Sorry if anyone's already said that:
Leave the classical seating arrangement and place the second violins opposite the first violins - on the right. https://youtu.be/uMAkPT9ggtg?t=145 (This gives you a beautiful wide stereo image).
In this example I even produced two first violin ensembles. I placed one on the left, the other on the right. But if you do that you need two different libraries, otherwise you won't get the effect.
Beat


----------



## MarcHedenberg (May 27, 2020)

Joël Dollié said:


> This :
> 
> 
> 
> It doesn't really cause any phase problems unless you overdo it but at this point it would sound bad anyway.





*Joël, I just want to tell you how much I appreciate your videos. I recently completed an 'advanced music production' module at my college and in my essay, I quite literally cited a couple of your videos on multipressing low-end and low-pass filtering in my Harvard referencing. Great stuff! *


----------



## Joël Dollié (May 27, 2020)

MarcHedenberg said:


> *Joël, I just want to tell you how much I appreciate your videos. I recently completed an 'advanced music production' module at my college and in my essay, I quite literally cited a couple of your videos on multipressing low-end and low-pass filtering in my Harvard referencing. Great stuff! *



Seriously! That's so cool to hear  Hopefully the teachers like my videos too haha. Cheers!


----------



## hdsmile (May 27, 2020)

*@Joël Dollié*
interesting trick to widen the strings using Patcher in FL Studio, but I'm wondering how can be done this in Logic Pro X?


----------



## John Longley (May 27, 2020)

Try any Mid/Side eq. You can experiment with some extra mid or presence push in the sides, or cutting from the mid channel. You can go very wide by changing the level of M to S, but you can go too far quickly.


----------



## Manaberry (May 28, 2020)

Something I use to change a bit the perception is an unlinked EQ (PSP e27 in my case.) I add or remove some mid freq from the roomy channel of my track, just a .5 or 1db.
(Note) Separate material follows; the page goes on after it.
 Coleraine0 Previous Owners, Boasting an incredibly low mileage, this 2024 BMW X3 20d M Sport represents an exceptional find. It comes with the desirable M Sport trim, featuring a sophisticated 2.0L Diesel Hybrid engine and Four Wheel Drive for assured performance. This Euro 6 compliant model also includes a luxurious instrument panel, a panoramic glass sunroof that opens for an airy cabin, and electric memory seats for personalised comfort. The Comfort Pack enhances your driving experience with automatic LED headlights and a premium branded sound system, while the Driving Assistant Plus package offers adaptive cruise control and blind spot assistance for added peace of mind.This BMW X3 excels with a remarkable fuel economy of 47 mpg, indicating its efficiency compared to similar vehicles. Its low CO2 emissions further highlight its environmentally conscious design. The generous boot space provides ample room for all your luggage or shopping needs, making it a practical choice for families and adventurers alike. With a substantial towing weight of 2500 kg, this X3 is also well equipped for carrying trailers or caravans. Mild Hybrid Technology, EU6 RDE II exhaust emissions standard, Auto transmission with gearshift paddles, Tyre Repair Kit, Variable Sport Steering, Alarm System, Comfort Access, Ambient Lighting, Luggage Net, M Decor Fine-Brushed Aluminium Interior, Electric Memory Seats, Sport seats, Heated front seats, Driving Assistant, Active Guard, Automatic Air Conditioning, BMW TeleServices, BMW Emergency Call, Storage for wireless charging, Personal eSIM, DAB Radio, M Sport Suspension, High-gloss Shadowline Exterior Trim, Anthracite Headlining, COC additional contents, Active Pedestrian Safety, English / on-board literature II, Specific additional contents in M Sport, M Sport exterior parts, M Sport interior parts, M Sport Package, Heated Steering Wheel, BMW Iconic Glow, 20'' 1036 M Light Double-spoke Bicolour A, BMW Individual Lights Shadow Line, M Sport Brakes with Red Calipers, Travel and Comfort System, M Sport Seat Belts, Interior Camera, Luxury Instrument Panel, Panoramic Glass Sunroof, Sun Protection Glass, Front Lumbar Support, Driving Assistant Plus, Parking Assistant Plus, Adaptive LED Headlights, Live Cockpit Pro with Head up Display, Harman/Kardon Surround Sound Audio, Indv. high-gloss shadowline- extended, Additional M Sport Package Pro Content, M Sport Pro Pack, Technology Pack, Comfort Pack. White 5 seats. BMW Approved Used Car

It forces a little bit the panning. It doesn't affect the overall level, and you are able to change the perception of the sound.


----------



## musicisum (May 28, 2020)

Haven't seen it mentioned yet, but this one is easy to use doesn't mess up your phase like the haas effect

Probably worth a try.









Wider


Wider is a unique stereo “mono-compatible” plugin. Any signal that has been extended will always remain in phase, even if summed to mono.




polyversemusic.com


----------



## Joël Dollié (May 28, 2020)

hdsmile said:


> *@Joël Dollié*
> interesting trick to widen the strings using Patcher in FL Studio, but I'm wondering how can be done this in Logic Pro X?


Yeah you only need the waves doubler plugin  The only reason I use patcher is that it's easier to control the dry/wet with that one knob. Basically in the doubler, controlling the level of the Left/right voices will control how dry or wet the effect is.


----------



## vitocorleone123 (May 28, 2020)

Panning
Delay
Mid/side processing (e.g., EQ, saturation, etc.)
Unlinked (usually mid/side) gentle compression
Extremely gentle use of something like Ozone Imager at the very end


----------